As evident, the principle of the invention requires a study of electrical phenomena, a passion that Benjamin Franklin had at a young age. Franklin, considered as one of the fathers of the American homeland, first formulated the principle of conservation of electricity, and then, in 1752 formulated some principles of the electric nature of lightning; knowledge that undoubtedly, together with the verification of the power of metal tips, would serve him to finish the design of his preventive device.
The lightning rod invented by Benjamin Franklin consisted of a device for the protection of buildings against atmospheric electrical discharges, and contrary to what its name indicates, it is designed to attract the discharge and carry it to the ground. Franklin’s lightning rod consisted of three fundamental parts:
- An iron rod 5 to 10 m long, whose upper end had a copper or platinum tip, which is mounted on the highest part of the building.
- An electrically conductive system, which is constituted essentially by iron bars or copper cables.
- An electric dissipater, this can be the extension of the conductive element and that, anchored to the ground, has the purpose of dissipating the electric discharge in the ground, protecting its environment.
It can be concluded that Franklin’s invention was a consequence of his studies about static electricity, whose nature encouraged the scientific community to look for methods of producing it.

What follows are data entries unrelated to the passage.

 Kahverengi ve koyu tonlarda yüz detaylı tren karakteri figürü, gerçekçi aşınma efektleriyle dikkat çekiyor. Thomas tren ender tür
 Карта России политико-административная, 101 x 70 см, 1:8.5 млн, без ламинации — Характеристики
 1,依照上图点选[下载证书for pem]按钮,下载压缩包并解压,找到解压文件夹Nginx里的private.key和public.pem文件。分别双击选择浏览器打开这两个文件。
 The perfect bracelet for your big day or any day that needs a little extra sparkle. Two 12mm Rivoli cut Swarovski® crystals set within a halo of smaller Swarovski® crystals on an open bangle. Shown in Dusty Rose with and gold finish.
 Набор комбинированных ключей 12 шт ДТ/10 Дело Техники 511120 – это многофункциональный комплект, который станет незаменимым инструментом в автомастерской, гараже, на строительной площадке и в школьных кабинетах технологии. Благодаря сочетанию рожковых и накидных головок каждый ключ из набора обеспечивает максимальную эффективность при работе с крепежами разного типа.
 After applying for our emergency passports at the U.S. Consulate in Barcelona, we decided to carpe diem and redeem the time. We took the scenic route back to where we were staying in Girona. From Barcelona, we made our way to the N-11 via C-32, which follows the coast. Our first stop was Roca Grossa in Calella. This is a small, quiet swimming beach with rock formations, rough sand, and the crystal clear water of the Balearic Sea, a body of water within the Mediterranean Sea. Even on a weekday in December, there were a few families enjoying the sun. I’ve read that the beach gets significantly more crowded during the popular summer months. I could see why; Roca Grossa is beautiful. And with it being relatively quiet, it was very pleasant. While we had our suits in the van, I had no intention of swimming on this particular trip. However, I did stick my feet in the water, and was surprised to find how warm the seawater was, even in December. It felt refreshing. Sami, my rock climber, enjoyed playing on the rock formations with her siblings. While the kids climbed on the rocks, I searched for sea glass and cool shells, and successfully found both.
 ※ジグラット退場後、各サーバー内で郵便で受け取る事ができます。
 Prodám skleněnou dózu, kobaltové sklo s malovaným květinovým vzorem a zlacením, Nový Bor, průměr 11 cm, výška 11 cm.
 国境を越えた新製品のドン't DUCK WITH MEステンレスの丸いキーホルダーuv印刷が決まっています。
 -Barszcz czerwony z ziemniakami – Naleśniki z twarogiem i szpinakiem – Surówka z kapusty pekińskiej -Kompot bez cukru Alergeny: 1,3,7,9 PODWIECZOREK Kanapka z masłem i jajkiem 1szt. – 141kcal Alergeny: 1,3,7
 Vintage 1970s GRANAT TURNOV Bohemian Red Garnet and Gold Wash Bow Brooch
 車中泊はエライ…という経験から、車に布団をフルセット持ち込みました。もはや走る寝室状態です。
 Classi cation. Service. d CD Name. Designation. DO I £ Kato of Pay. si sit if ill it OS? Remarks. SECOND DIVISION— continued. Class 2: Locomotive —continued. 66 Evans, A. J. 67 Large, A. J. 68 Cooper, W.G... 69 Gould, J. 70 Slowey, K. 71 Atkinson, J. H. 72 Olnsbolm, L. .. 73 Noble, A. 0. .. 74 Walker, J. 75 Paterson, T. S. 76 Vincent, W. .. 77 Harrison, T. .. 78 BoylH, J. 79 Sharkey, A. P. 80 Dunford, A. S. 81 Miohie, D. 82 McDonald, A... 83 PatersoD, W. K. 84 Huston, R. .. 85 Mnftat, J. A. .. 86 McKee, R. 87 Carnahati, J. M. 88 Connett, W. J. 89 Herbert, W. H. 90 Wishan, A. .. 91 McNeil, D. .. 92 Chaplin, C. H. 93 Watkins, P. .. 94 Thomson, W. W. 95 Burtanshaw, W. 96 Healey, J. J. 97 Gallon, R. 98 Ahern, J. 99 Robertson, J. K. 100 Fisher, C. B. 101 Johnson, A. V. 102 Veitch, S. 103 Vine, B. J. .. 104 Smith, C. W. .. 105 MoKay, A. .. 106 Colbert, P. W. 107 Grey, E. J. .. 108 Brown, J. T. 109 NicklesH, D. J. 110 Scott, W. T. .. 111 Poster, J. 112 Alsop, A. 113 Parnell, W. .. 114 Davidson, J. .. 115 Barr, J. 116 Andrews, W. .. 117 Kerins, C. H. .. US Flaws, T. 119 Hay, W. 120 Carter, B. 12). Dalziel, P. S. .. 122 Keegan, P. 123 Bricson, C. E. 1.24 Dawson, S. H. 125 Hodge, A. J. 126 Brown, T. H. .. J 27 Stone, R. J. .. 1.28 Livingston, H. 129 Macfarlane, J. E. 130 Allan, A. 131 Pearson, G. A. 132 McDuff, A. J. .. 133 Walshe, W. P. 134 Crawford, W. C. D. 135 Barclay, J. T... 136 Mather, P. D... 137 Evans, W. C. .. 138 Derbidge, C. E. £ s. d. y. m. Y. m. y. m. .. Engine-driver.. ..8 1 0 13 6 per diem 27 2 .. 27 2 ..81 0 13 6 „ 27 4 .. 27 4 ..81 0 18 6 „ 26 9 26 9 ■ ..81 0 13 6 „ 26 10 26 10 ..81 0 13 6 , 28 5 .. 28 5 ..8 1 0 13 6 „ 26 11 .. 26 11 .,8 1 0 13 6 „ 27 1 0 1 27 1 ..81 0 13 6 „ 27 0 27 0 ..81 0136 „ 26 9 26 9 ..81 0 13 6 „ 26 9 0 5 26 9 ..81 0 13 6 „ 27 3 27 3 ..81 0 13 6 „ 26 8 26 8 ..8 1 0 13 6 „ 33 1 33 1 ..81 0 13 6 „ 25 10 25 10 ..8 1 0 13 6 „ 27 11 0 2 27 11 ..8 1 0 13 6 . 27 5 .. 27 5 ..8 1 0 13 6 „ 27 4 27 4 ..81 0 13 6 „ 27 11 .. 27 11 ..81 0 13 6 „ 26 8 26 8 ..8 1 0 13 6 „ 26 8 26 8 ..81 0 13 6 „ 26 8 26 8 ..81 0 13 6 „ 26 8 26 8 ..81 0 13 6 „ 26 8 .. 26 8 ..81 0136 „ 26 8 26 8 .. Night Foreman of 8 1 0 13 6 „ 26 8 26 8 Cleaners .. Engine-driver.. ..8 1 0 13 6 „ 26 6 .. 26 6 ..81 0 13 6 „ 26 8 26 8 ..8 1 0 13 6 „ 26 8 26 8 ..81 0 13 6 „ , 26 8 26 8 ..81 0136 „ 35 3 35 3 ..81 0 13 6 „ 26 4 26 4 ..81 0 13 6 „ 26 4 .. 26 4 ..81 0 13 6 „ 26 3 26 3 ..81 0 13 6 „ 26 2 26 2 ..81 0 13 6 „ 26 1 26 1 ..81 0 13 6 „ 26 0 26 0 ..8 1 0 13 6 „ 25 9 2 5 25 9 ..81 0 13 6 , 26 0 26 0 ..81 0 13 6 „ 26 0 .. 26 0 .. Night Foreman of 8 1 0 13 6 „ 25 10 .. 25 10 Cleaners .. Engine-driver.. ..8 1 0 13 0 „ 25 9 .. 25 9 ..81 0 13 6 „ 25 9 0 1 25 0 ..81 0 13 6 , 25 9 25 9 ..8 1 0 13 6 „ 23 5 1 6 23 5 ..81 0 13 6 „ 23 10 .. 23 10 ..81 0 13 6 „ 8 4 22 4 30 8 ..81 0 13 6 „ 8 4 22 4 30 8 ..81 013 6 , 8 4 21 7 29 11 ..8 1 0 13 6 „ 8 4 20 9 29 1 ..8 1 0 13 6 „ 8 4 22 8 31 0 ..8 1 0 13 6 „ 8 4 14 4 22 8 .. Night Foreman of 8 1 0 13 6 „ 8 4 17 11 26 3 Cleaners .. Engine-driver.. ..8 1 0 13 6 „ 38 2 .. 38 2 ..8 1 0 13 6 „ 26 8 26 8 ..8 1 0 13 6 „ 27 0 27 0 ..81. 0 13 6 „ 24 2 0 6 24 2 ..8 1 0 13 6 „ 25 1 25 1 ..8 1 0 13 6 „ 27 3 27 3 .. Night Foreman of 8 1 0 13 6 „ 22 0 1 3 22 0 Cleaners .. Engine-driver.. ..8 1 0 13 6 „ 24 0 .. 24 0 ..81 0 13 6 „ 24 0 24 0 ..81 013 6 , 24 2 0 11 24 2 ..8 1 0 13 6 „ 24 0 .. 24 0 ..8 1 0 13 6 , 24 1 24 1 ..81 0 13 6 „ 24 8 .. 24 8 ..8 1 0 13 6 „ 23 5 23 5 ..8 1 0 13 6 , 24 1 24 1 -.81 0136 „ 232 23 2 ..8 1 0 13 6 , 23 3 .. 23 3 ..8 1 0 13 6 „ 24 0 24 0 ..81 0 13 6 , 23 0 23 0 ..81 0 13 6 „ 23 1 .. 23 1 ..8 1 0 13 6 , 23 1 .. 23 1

In 1919, there was an important event in the history of the modern lightning rod. Nikola Tesla redefined the operating principles of Franklin’s invention, refuting the theories expressed by Benjamin and patenting a new design. Since then, the production of lightning rods has become widespread, thanks to the important contribution of Tesla, and yet, using the same physical operating principles studied by Franklin.
Inventions
Emil Berliner
Emil Berliner Biography
Emil Berliner (May 20, 1851 – August 3, 1929) inventor. He was born in Hannover, Germany. He grew up in a Jewish environment. Due to a complex economic situation, he had to work to help his parents from a young age, so he did not attend school regularly. His first paid job was as a painter, for later, at age 16, to enter as a clerk in a food store.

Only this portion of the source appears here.